Тяжелая дверь в кабинет со стуком закрылась, в помещении некоторое время стояла тишина, нарушаемая лишь сопением толстого начальника тюрьмы. Наконец, представитель городской уголовки оторвал взгляд от стола:

— Как видишь, высшие чиновники решение уже приняли, — обращаясь к хозяину кабинета, покривил он губы с пышными усами над верхней. — Отморозки не те фигуры, чтобы заострять на них внимание.

— Да уж, личности не слишком известные, чтобы за процессом наблюдала вся страна, тогда бы постановление об их освобождении принять было бы труднее, — подключился к разговору начальник базарного уголовного розыска. — А этим слонкам деваться некуда самим, только и осталось, что друг друга мочить.

— Толк от этого, если мы их выпустим, хоть какой будет? — начальник тюрьмы зорко всмотрелся в собеседника. — Сидишь тут, и не знаешь, что творится на воле.

— Ну, дорогой, тебе да не знать.
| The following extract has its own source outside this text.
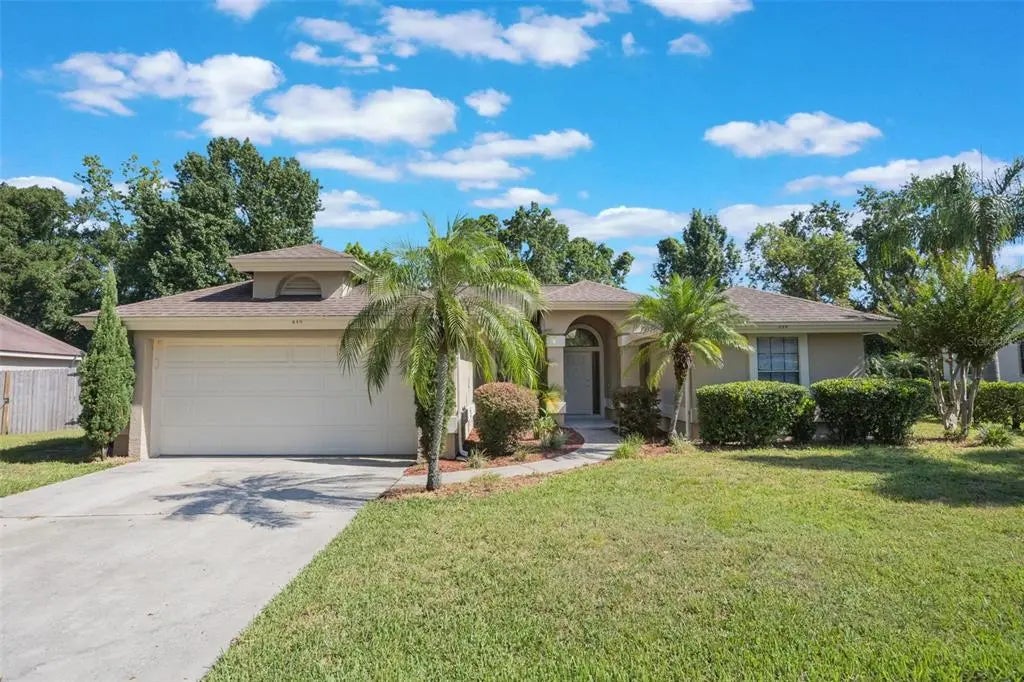 Welcome to this charming single-story home nestled in the highly desirable Wekiva area of Central Florida. This thoughtfully designed residence features an open floor plan with soaring high ceilings, skylights, and sliding glass doors that fill the living spaces with warm, natural light! The spacious great room is ideal for relaxing or entertaining, complete with a cozy wood-burning fireplace and ceiling fan to keep the space comfortable year-round. The adjacent kitchen features a large island, ample counter space, and a convenient dinette area. Designed with privacy in mind, the split floor plan offers a primary suite tucked away from the secondary bedrooms. The primary bedroom boasts a walk-in closet, direct access to the backyard via sliding doors, and bathroom with dual sinks and a large, tiled walk-in shower. Enjoy easy-care living with tile and laminate flooring throughout. The home also features a NEW AC SYSTEM 2024, offering efficiency and reliability. Step outside to the nicely manicured front yard, beautifully landscaped with shrubs and palm trees. Take advantage of all the amenities this community offers, including a community pool, playground, tennis courts and LOW HOA. Located just 5 minutes from shopping, restaurants, and with quick access to SR-429 and US 441, this home offers easy commutes to Orlando, Lake Mary, and all of Central Florida's world-class attractions. Outdoor enthusiasts will love being minutes from Wekiwa Springs State Park for hiking, kayaking, and wildlife watching. Don't miss this opportunity to live in a vibrant, well-connected community that perfectly blends comfort, convenience, and nature!

Не понял, почему администрация с прокурорским надзором отказались принимать участие в вопросе об освобождении отморозков? — откровенно засмеялся главный усатый сыскарь. — Центральный рынок — это кормушка для всей верхушки местной власти, там ворочаются бабки, которые не снились американцам с их развитой экономикой.

— Если взять регион, подобный нашему, тогда да, — аккуратно поправил своего шефа базарный шварценеггер.

— Я имел ввиду не всю Америку.

— Вот это размах, а тут сидишь как в клетке, собственные пальцы обсасываешь, — тюремщик притворно развел руками. — Ну что же, давайте посмотрим на ваших подопечных, пусть они расскажут о себе сами.

— Ты бы еще обижался…

Но начальник крепких тюремных блоков за высоким кирпичным забором, обнесенным колючей проволокой, уже нажал на кнопку вызова надзирателей, подчиненных ему. Те не заставили себя долго ждать.